The sixth leg of the 2008–2009 world tour went again to US, with fifteen shows in October and November, with the "final" show in San Jose. The final leg included two new songs, "Feels So Good" and "The Darkness". But at that point, Cohen's "World Tour 2010" was already announced with the European dates in March.

The 2009 world tour earned a reported $9.5 million, putting Cohen at number 39 on Billboard magazine's list of the year's top musical "money makers".

===2010 tour===
Cohen's 2008–2009 world tour was prolonged into 2010. Originally scheduled to start in March, the first dozen of the original European dates were postponed to September and October due to Cohen's lower-back injury. Officially billed as the "World Tour 2010", the tour started on 25 July 2010 in Arena Zagreb, Croatia, where in the week of the show 16 of Cohen's albums simultaneously entered the Croatian Top 40, while Cohen's work was presented by the translation of Book of Mercy, two of Cohen's biographies, and with selection of poems in major literary magazine Quorum, while there was also the translation of Linda Hutcheon's work on Cohen's literary output. In December 2010, the national daily newspaper Vjesnik ranked Cohen's show among the five most important cultural event in Croatia in 2010, in the poll among dozen of intellectuals and writers; it was the only event ranked which was not actually Croatian. The tour continued through August, with stops in Austria, Belgium, Germany, Scandinavia, and Ireland, where on 31 July & 1 August 2010 Cohen performed at Lissadell House in County Sligo. It was Cohen's ninth Irish concert in just two years after a hiatus of more than 20 years. On 12 August, Cohen played the 200th show of the tour in Scandinavium, Gothenburg, Sweden, where he had already played in October 2008; the show was four hours long.

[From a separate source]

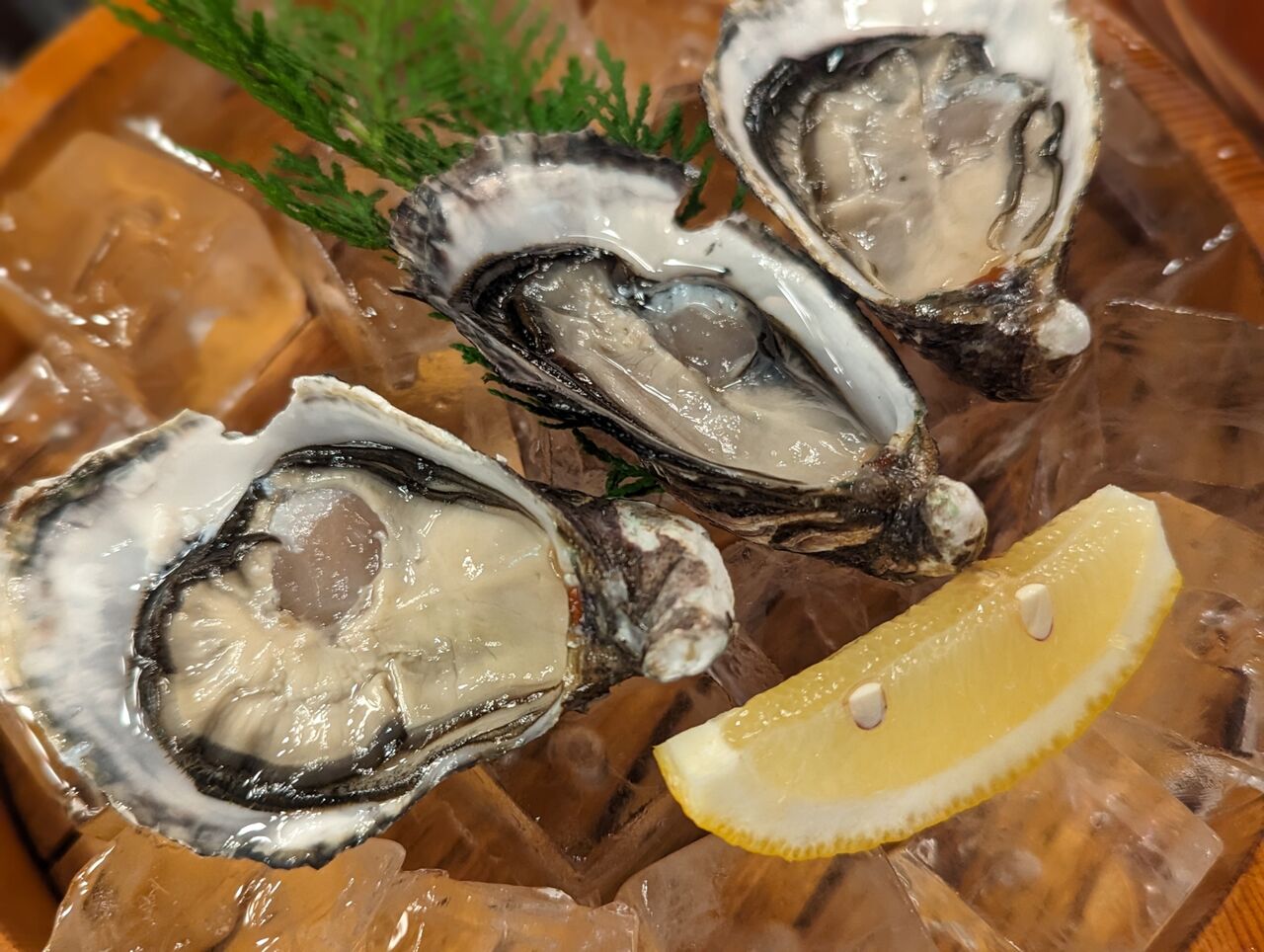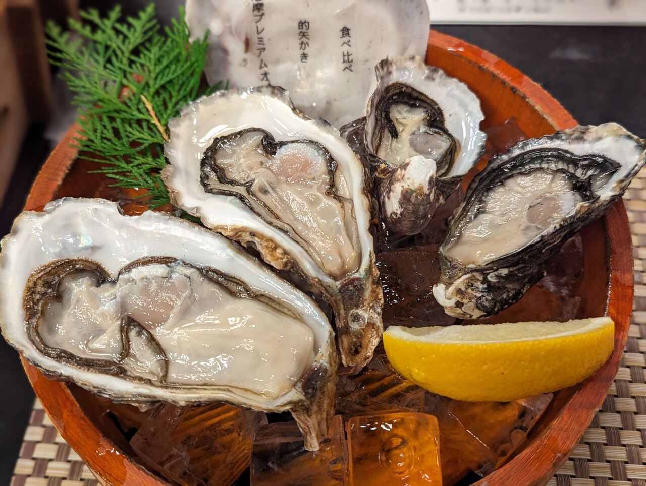 ・生牡蠣食べ比べ(的矢かき、伊勢志摩プレミアムオイスター)が最高だったので追加で生牡蠣3つづつ注文してしまいました。

The Fall leg of the European tour started in early September with an open-air show in Florence, Italy, and continued through Germany, Portugal, Spain, Switzerland, and Austria, where Cohen performed at the famous open-air opera stage of Römersteinbruch bei St. Margarethen im Burgenland, and then continued with dates in France, Poland, Russia (Moscow's State Kremlin Palace), Slovenia and Slovakia. In Slovenia's brand new Arena Stožice, Cohen accepted Croatia's Porin music award for best foreign live video programme, which he won for his Live in London DVD. Cohen's last European show was held in Sibamac Arena, in Bratislava, Slovakia. The shows in late September and October were performed without Sharon Robinson, who left this tour leg due to heavy illness; the setlist omitted songs co-written by her, but old Cohen standards were added instead.

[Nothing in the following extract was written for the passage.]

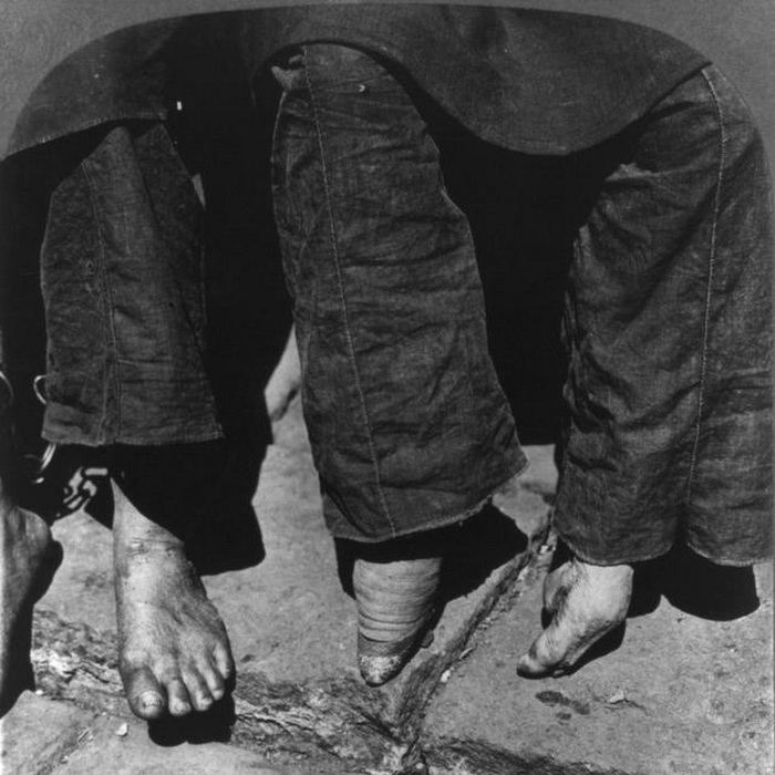Несмотря на утонченное название, походили они скорее на копытца: с четырехлетнего возраста конечности девочки постоянно бинтовались, 4 пальца «прирастали» к стопе, длина которой составляла 7-10 см. Ноги часто кровоточили, гнили, источали зловонный запах, кости ломались, ногти врастали в кожу. Пыткам подвергались девочки в наиболее богатых семьях, это было признаком аристократизма и залогом успешного замужества. К слову, муж никогда не видел «лотосовых» ног жены, даже в постели она оставалась в изящных туфельках.

The third leg of the 2010 tour started on 28 October in New Zealand and continued in Australia, including an open-air concert at Hanging Rock near Melbourne. It was the first show ever organised at the site. The tour finished with seven special dates added in Vancouver, Portland, Victoria and Oakland, with two final shows in Las Vegas' The Colosseum at Caesars Palace on 10 and 11 December. The very last concert on 11 December was the 246th show on the world tour which started on 11 May 2008.

==Live releases==

===Live in London===
On 31 March 2009, Cohen released Live in London, recorded on 17 July 2008 at London's O_{2} Arena and released on DVD and as a two-CD set. The album contains 25 songs and is over two-and-a-half hours long. It was the first official DVD in Cohen's recording career. The quotation on the album referred to one hundred five-star reviews the tour gained in the international press in 2008.

===Songs From the Road===
Songs From the Road appeared roughly 14 months after releasing Live in London , which preserved Cohen's July 2008 performance at London's O_{2} Arena. This collection features 12 songs from his 2008 and 2009 concert dates, and while this album isn't exactly a collection of rarities, it does feature a number of lesser-known tunes (such as "Heart with No Companion" and "That Don't Make It Junk") and variant versions of some of his more famous numbers (Cohen juggles the order of the verses on "Suzanne" and adds a new verse to "Bird on a Wire"). The selections were taken from a wide variety of locations, including Tel Aviv, Scotland, Finland, and Cohen's native Canada.

==Set lists==

===2008 set list===
This set list is representative of the performance on November 13, 2008 in London, England. It does not represent all concerts for the duration of the tour.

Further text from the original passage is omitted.